The Serpent's Gaze, Book Three: The Convict's Cry | By : DictionaryWrites Category: Harry Potter > General > General Views: 1752 -:- Recommendations : 1 -:- Currently Reading : 0 |
Disclaimer: The world of Harry Potter and the characters therein belong to JK Rowling; I'm playing in the sandbox, as it were, whilst claiming no ownership and making no money. |
"And you believe Professor Gudgeon is attempting to kill you?" Snape asks, looking skeptical as he watches Harry from behind his desk. Harry crosses his arms over his chest, meeting his head of house's eyes and refusing to back down.
"Whoever it is has to have access at Hogwarts, or they wouldn't have been able to enchant the knight, and they would also need to have been at Lucius'-"
"Mr Malfoy's," Snape corrects.
"Lucius' party," Harry continues, ignoring him. "Let alone the whole thing with the unicorns - no one else has been nearly killed by magical livestock this year.

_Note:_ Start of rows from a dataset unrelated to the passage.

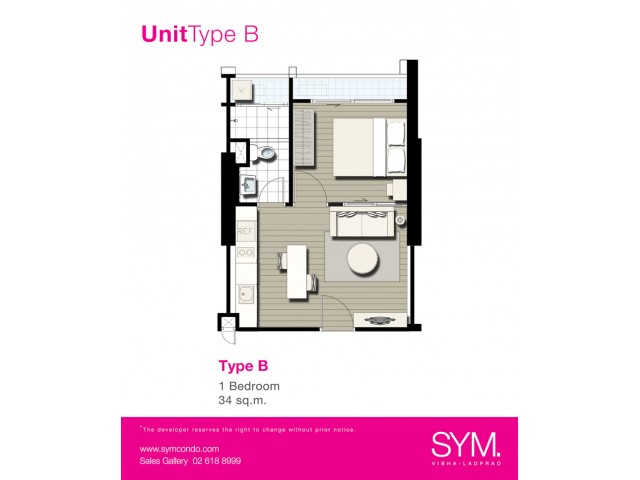 คอนโด SYM VIBHA-LADPRAO 1 ห้องนอน ขาย ห้องขนาด 28 ตรม. แบบ 1 ห้องนอน 1 ห้องน้ำ
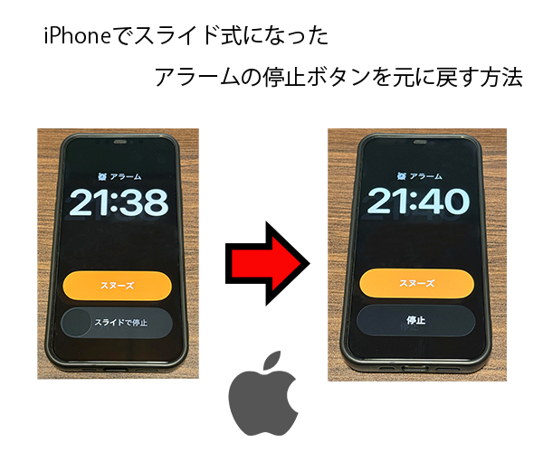iPhoneでスライド式になったアラームの停止ボタンを元に戻す方法
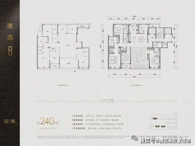 约240㎡南厅户型。该户型分布于12-16层的低密楼栋,一梯一户的尊贵体验,综合得房率约达90%以上。其最大亮点在于南向布置了三间卧室,其中两间为套房,在保障多房间需求的同时,客厅仍实现了约6.4米的宽尺度开间,并衔接进深约3.05米的超大阳台,完美兼顾采光、视野与实用功能。
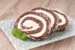 - A tésztalapokat a vajkrémmel egyenletesen megkenjük, folpack segítségével a hosszabbik oldaluk felől szorosan felcsavarjuk.
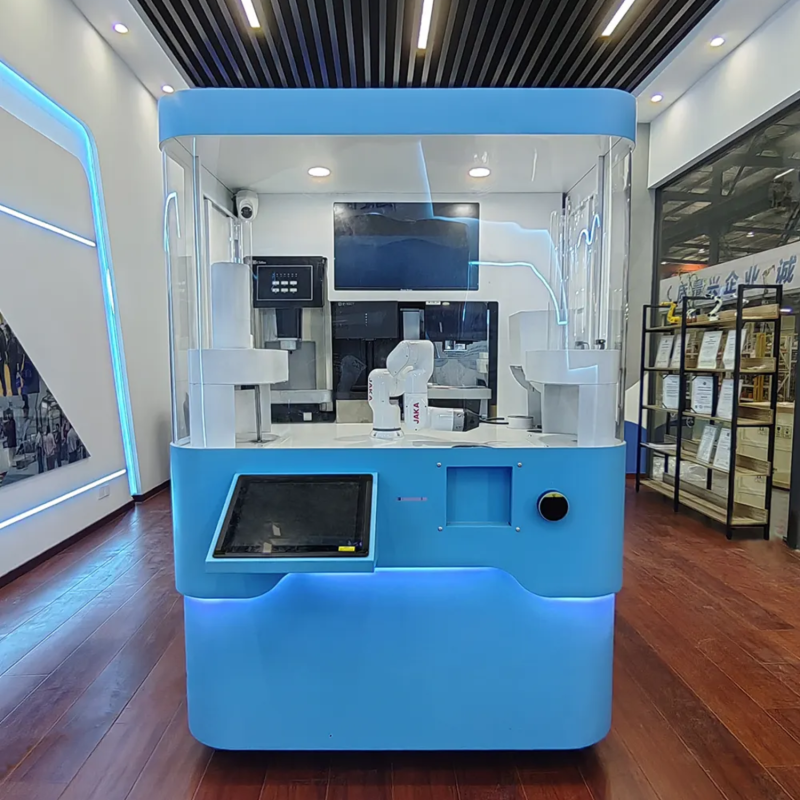 • Effortless Coffee-Making Experience: This robotic coffee vending machine, powered by a 6-axis collaborative robot, allows users to enjoy freshly brewed coffee with minimal effort, making it an ideal addition to hotels, restaurants, and cafes.
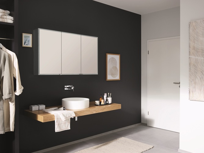 - Spiegelschrank-Konzept mit integrierter umlaufender LED-Beleuchtung
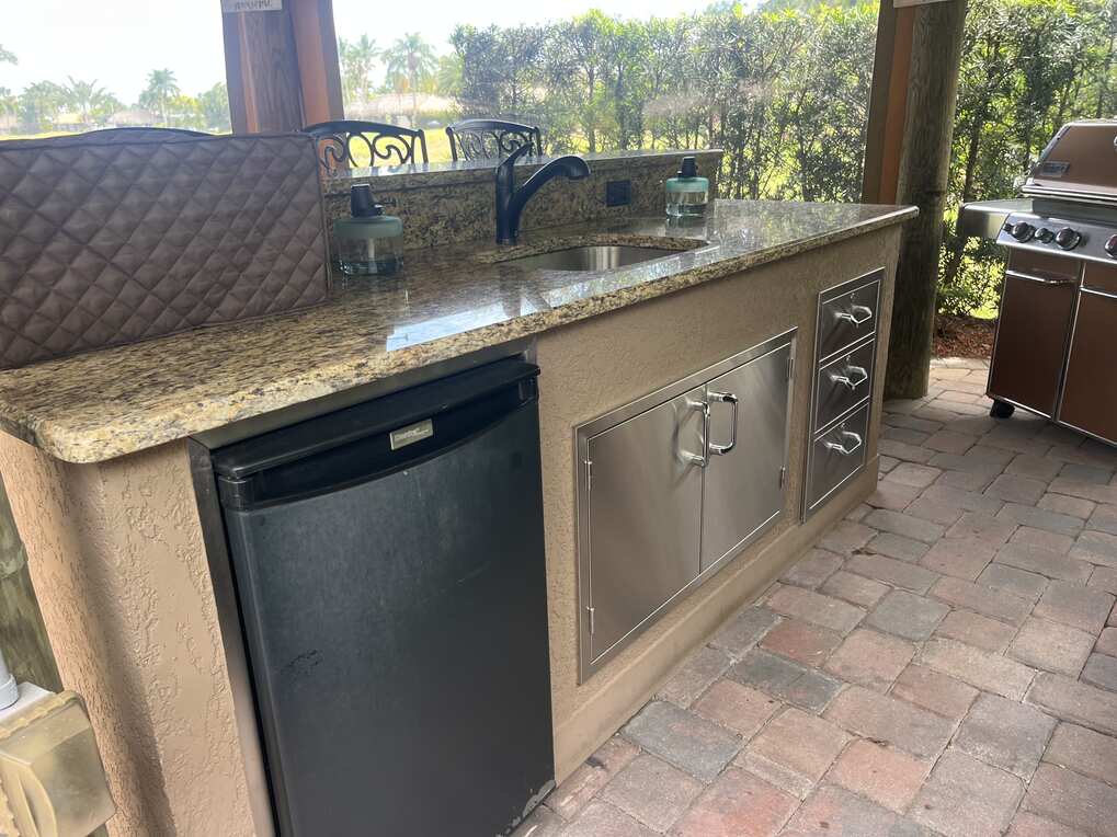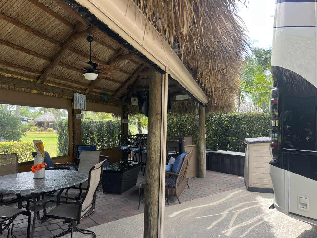 Beautiful 5 star resort in Motor Coach Resort . Enjoy this wonderful lot that is on the golf course with beautiful sunsets. Granite top kitchen with bar area to enjoy outdoor entertainment. Weber grill , stainless steel cabinets for storage ,stainless steel refrigerator with sink.Newly thatched large tiki. Very active resort. The resort has everything that you would want close to shopping , dining and beaches. Mature landscaping , private location. Electric remote controlled roller shades. Resort has 4 pools and hot tubs, pickle ball several courts, golf par 3 golf course, shuffleboard, bocce ball , darts, gym, yoga, water aerobics, tennis, clubhouse ,bike club.Happy hour Fridays 5-7.Eisenglass curtains protecting from rain and wind
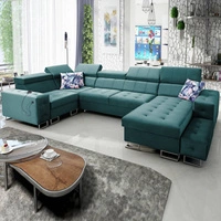 Narożnik z funkcją spania Cetara VI błękitny lewostronny komfortowy i stylowy narożnik rozkładany z przesuwanymi oparciami
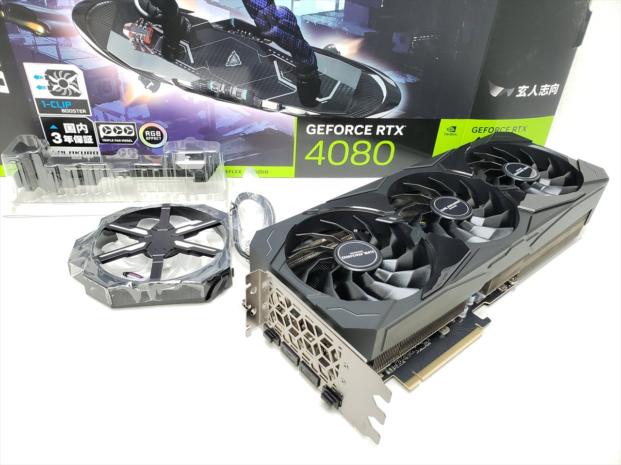 付属品あり、 中古保証3ヶ月(お客様都合による返品はお受けできません)、 PCI-Express4.0 x16、GeForce RTX 4080、(Boost 2565 MHz CUDAコア9728)、16GB、(GDDR6X、11200Mhz (22.4Gbps)、256bit)、HDMI2.1 x1、DisplayPort1.4a x3、16-pin PCIe 12VHPWR x1 または 8pin x3

And she has motive - she's got a picture of Lockhart on her desk, and I bet you she used to be in his fan club. I'm not asking you to send her to Azkaban this minute, sir! I just want you to you know, keep an eye on her." Snape stares at him for a long few moments, curling his lip before he finally replies.
"Is there no need to your arrogance, Potter? Do you truly believe me to be your personal guard?"
"You act like you are, half the time," Harry points out, and Snape scowls at him.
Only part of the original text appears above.